* Data records *
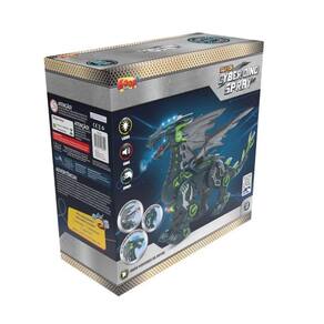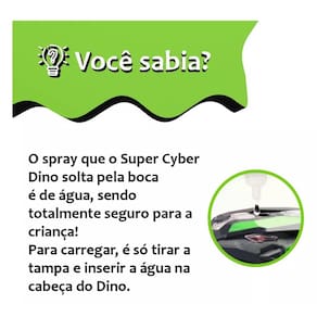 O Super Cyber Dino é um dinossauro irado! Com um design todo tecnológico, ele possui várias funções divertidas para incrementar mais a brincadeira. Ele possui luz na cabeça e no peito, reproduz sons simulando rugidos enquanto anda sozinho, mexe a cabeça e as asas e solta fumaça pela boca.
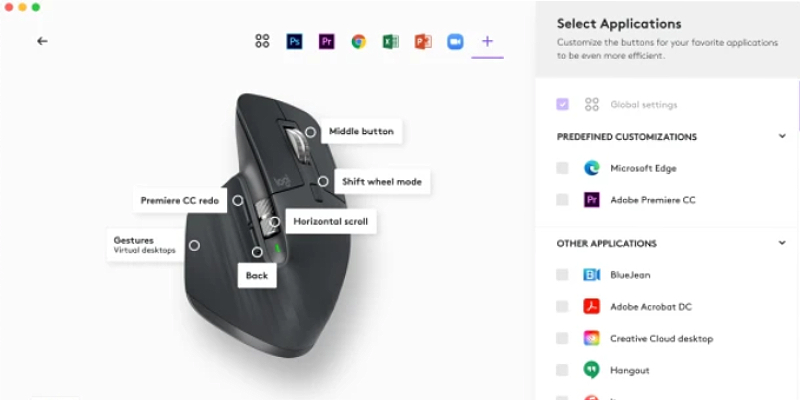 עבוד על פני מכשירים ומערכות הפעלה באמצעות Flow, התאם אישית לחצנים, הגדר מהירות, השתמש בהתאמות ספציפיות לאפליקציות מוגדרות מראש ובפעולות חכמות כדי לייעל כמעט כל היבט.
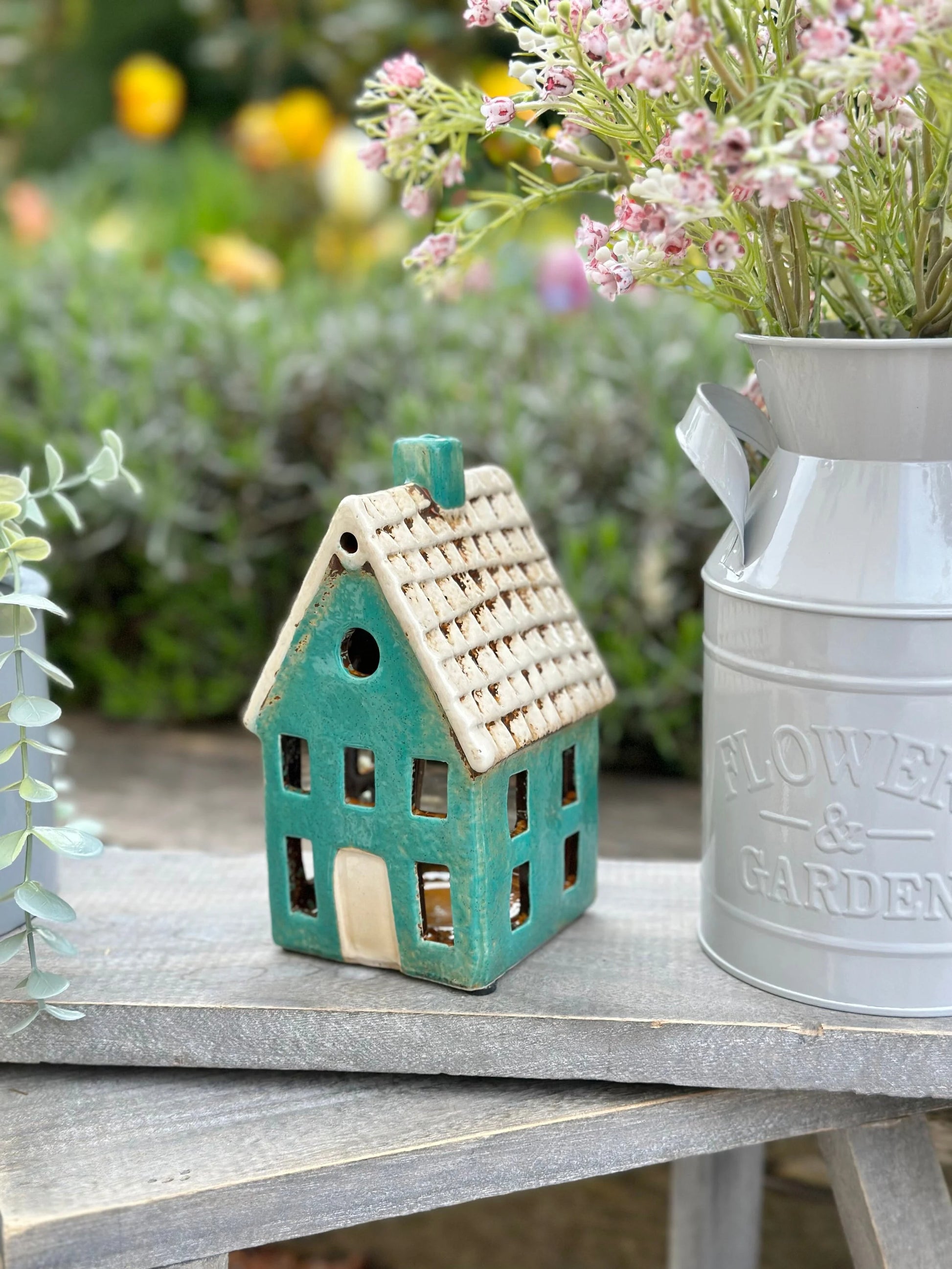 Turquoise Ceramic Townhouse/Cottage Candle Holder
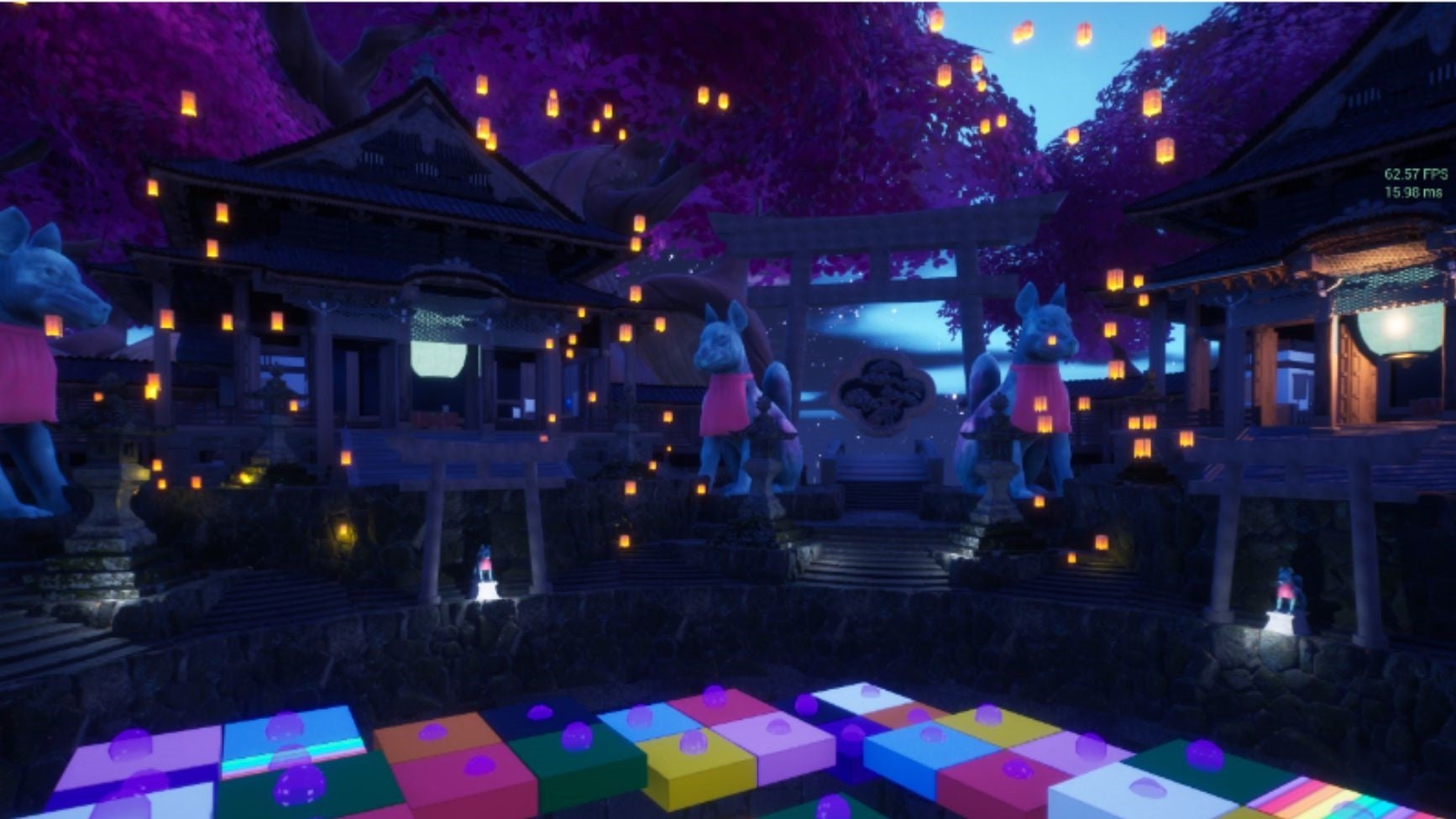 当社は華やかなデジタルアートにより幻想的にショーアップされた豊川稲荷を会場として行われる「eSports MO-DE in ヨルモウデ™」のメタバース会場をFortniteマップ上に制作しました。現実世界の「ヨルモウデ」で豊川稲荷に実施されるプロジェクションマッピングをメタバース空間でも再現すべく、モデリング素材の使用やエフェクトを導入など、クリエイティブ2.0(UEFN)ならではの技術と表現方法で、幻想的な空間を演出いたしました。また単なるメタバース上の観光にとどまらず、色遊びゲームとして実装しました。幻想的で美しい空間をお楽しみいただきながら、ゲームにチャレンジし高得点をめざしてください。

---

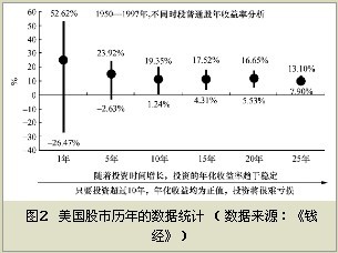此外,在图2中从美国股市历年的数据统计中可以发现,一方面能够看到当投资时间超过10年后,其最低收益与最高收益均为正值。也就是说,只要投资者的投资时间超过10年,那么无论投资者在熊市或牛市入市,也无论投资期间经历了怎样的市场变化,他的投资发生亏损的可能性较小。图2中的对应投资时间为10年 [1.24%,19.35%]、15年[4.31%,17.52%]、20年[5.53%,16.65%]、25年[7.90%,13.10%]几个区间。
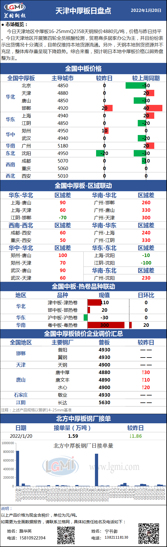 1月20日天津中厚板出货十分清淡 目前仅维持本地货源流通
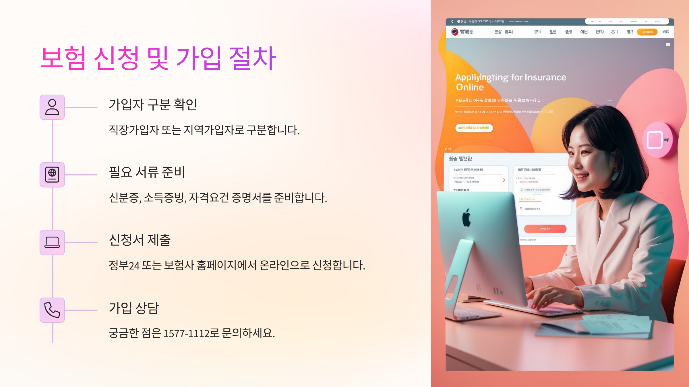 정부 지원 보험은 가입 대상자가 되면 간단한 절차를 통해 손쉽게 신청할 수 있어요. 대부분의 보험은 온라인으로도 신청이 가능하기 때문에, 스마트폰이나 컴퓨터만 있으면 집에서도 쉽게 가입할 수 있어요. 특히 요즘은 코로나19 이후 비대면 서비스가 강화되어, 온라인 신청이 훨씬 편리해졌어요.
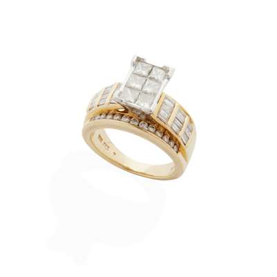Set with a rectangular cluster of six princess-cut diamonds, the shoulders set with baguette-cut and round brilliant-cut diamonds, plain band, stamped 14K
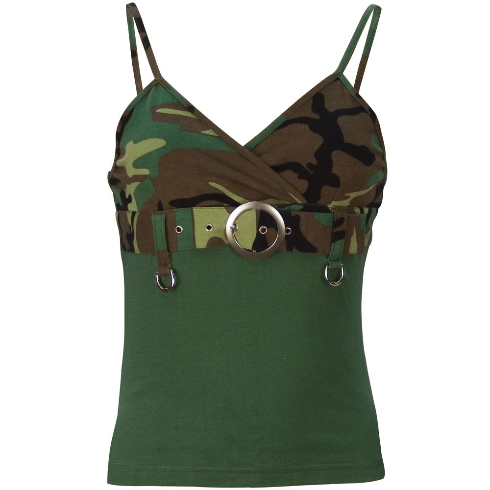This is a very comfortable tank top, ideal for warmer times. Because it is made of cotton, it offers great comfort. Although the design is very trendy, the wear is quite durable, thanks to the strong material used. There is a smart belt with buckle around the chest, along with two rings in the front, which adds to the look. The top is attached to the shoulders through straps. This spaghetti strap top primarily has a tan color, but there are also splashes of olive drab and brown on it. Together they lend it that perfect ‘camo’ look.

* Directions for this task *
Starting with the line that has "1月20日天津中厚板出货十分清淡 目前仅维持本地货源流通" and ending with the line that has "Set with a rectangular", repeat the lines above exactly, omitting every picture.

* Response to this task *
 1月20日天津中厚板出货十分清淡 目前仅维持本地货源流通
 정부 지원 보험은 가입 대상자가 되면 간단한 절차를 통해 손쉽게 신청할 수 있어요. 대부분의 보험은 온라인으로도 신청이 가능하기 때문에, 스마트폰이나 컴퓨터만 있으면 집에서도 쉽게 가입할 수 있어요. 특히 요즘은 코로나19 이후 비대면 서비스가 강화되어, 온라인 신청이 훨씬 편리해졌어요.
Set with a rectangular cluster of six princess-cut diamonds, the shoulders set with baguette-cut and round brilliant-cut diamonds, plain band, stamped 14K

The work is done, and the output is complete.